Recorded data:
━━━━

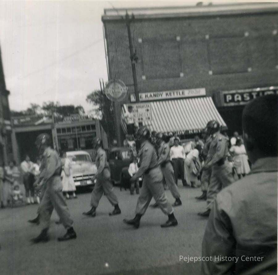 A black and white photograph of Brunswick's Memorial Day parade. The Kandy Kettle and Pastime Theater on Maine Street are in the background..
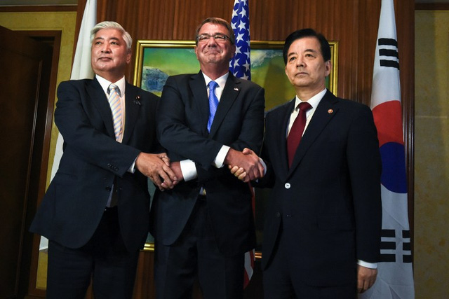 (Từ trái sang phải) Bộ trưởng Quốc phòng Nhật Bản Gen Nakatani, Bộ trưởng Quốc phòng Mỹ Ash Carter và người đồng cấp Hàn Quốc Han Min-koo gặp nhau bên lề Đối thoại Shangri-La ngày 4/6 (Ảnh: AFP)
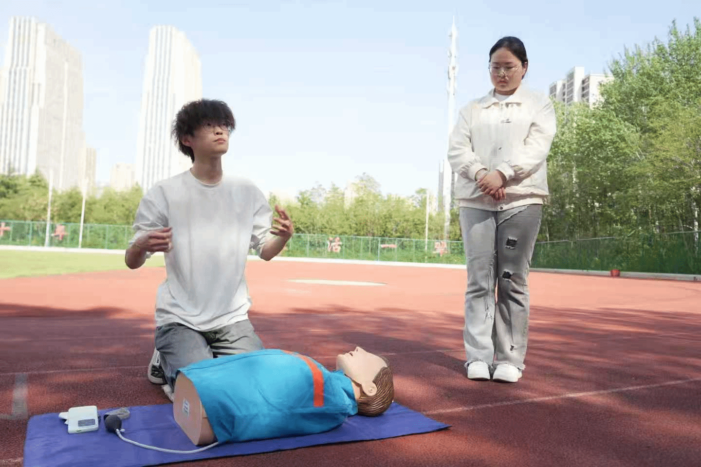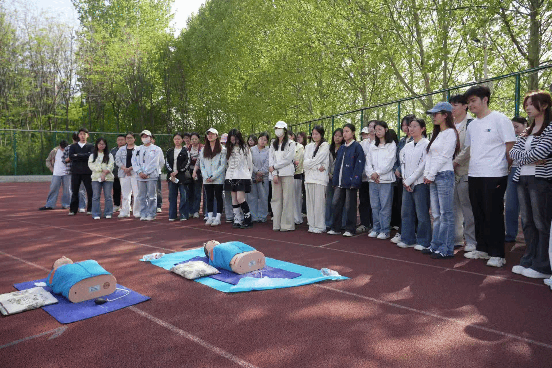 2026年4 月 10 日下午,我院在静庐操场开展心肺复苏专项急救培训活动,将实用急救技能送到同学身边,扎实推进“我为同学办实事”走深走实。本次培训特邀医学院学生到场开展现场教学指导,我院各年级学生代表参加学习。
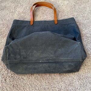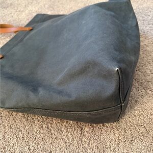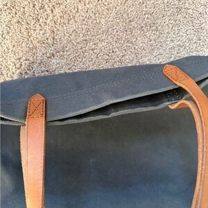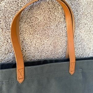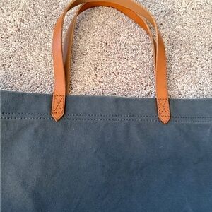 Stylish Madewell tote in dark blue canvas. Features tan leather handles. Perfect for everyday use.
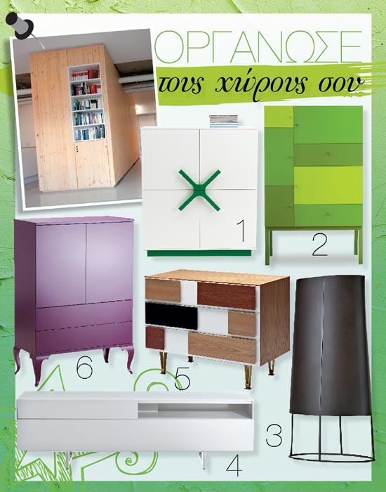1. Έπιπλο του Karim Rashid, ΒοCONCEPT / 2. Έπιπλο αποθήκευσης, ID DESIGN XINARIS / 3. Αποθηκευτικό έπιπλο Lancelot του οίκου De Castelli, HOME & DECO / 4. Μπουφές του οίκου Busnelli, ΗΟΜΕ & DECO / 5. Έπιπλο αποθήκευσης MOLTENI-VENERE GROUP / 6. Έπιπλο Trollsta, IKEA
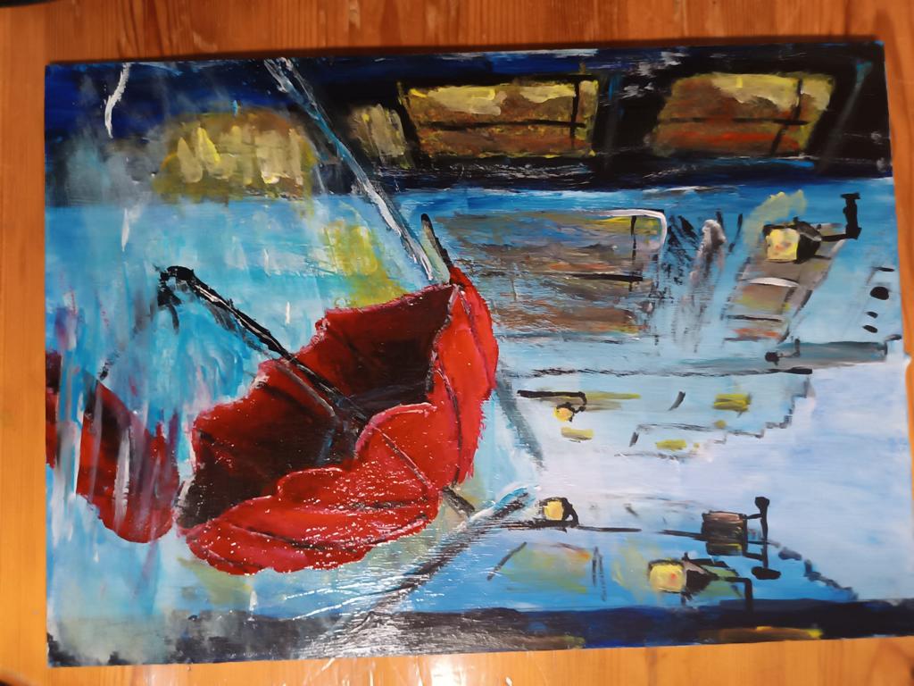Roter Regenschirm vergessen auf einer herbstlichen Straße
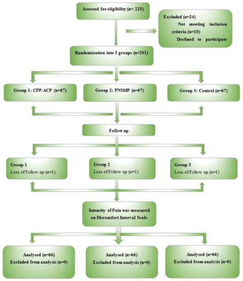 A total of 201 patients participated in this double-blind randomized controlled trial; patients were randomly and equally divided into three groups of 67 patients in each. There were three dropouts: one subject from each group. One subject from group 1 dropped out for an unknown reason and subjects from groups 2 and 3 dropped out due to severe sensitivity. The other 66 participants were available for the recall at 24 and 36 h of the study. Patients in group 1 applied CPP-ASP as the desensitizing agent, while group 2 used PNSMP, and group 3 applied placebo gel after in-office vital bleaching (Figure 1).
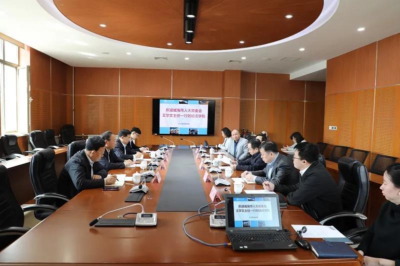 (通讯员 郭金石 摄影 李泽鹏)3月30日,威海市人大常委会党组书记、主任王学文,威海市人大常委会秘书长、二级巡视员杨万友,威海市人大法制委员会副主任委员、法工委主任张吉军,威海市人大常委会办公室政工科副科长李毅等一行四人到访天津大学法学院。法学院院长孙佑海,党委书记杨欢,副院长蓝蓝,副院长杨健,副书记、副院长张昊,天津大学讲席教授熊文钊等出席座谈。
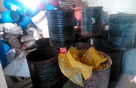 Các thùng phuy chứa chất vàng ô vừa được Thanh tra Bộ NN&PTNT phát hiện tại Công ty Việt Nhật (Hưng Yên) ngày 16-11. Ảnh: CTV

━━━━

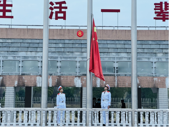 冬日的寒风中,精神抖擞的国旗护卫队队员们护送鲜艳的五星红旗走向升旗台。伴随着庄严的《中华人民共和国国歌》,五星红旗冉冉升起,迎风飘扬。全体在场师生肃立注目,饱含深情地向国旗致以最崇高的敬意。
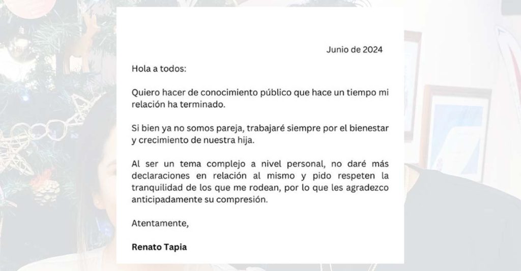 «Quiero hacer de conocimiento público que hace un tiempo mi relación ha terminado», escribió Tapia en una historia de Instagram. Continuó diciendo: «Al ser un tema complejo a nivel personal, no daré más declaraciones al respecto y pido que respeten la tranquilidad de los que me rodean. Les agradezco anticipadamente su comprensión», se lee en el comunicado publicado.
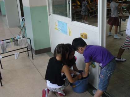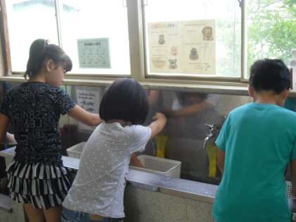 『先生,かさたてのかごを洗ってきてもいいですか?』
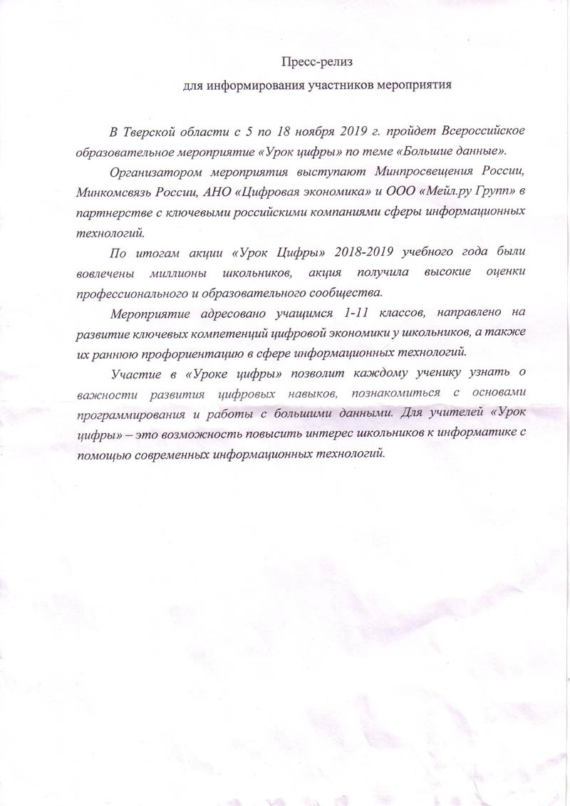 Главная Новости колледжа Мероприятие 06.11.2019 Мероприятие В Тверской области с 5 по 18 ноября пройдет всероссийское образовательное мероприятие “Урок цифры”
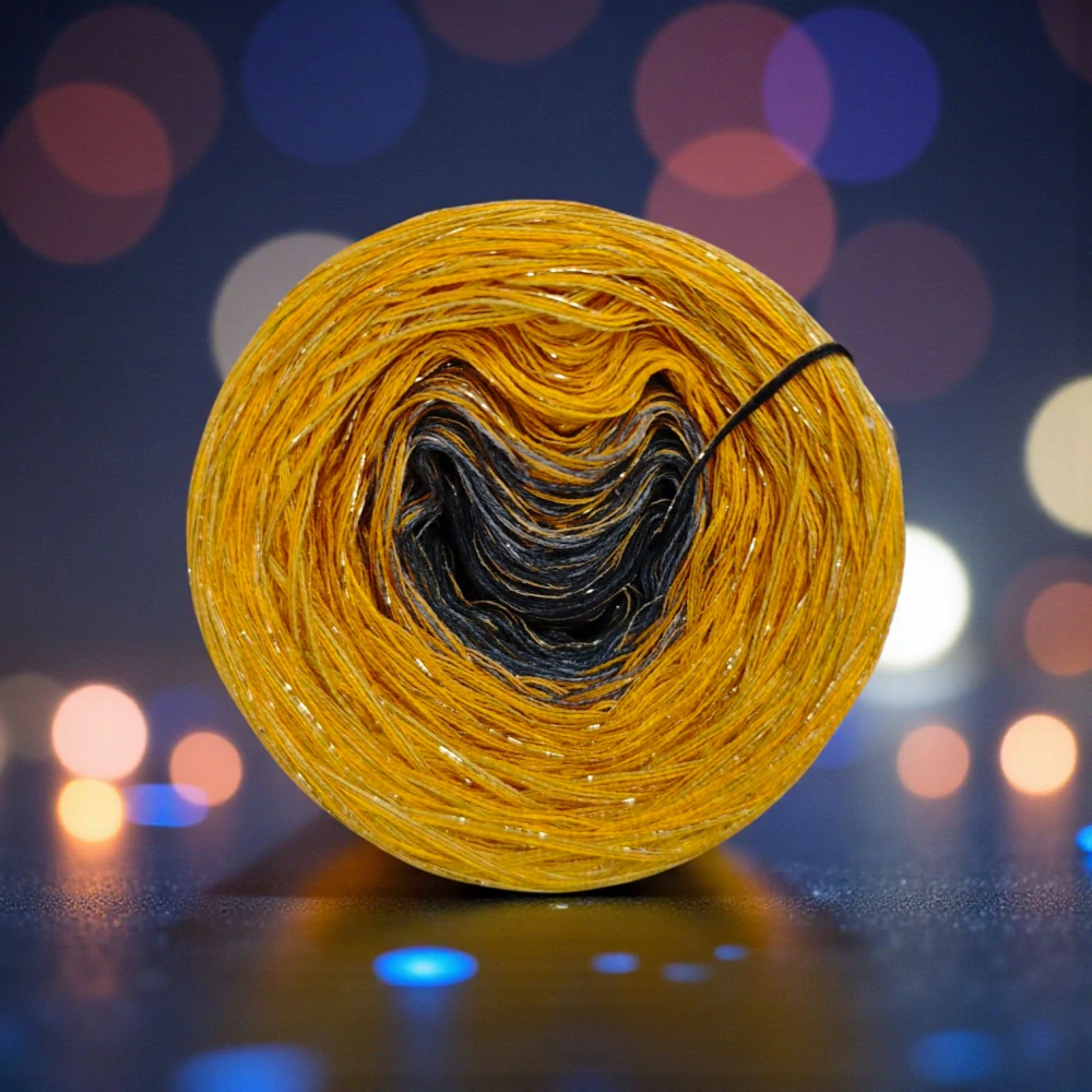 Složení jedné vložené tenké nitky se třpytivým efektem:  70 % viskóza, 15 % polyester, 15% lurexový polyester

━━━━

* **Work task**: Using the records above, print exactly the lines between the ones containing "A black and" and "Stylish Madewell tote", inclusive, and nothing else; no pictures.

* **Worked solution**:
 A black and white photograph of Brunswick's Memorial Day parade. The Kandy Kettle and Pastime Theater on Maine Street are in the background..
 (Từ trái sang phải) Bộ trưởng Quốc phòng Nhật Bản Gen Nakatani, Bộ trưởng Quốc phòng Mỹ Ash Carter và người đồng cấp Hàn Quốc Han Min-koo gặp nhau bên lề Đối thoại Shangri-La ngày 4/6 (Ảnh: AFP)
 2026年4 月 10 日下午,我院在静庐操场开展心肺复苏专项急救培训活动,将实用急救技能送到同学身边,扎实推进“我为同学办实事”走深走实。本次培训特邀医学院学生到场开展现场教学指导,我院各年级学生代表参加学习。
 Stylish Madewell tote in dark blue canvas. Features tan leather handles. Perfect for everyday use.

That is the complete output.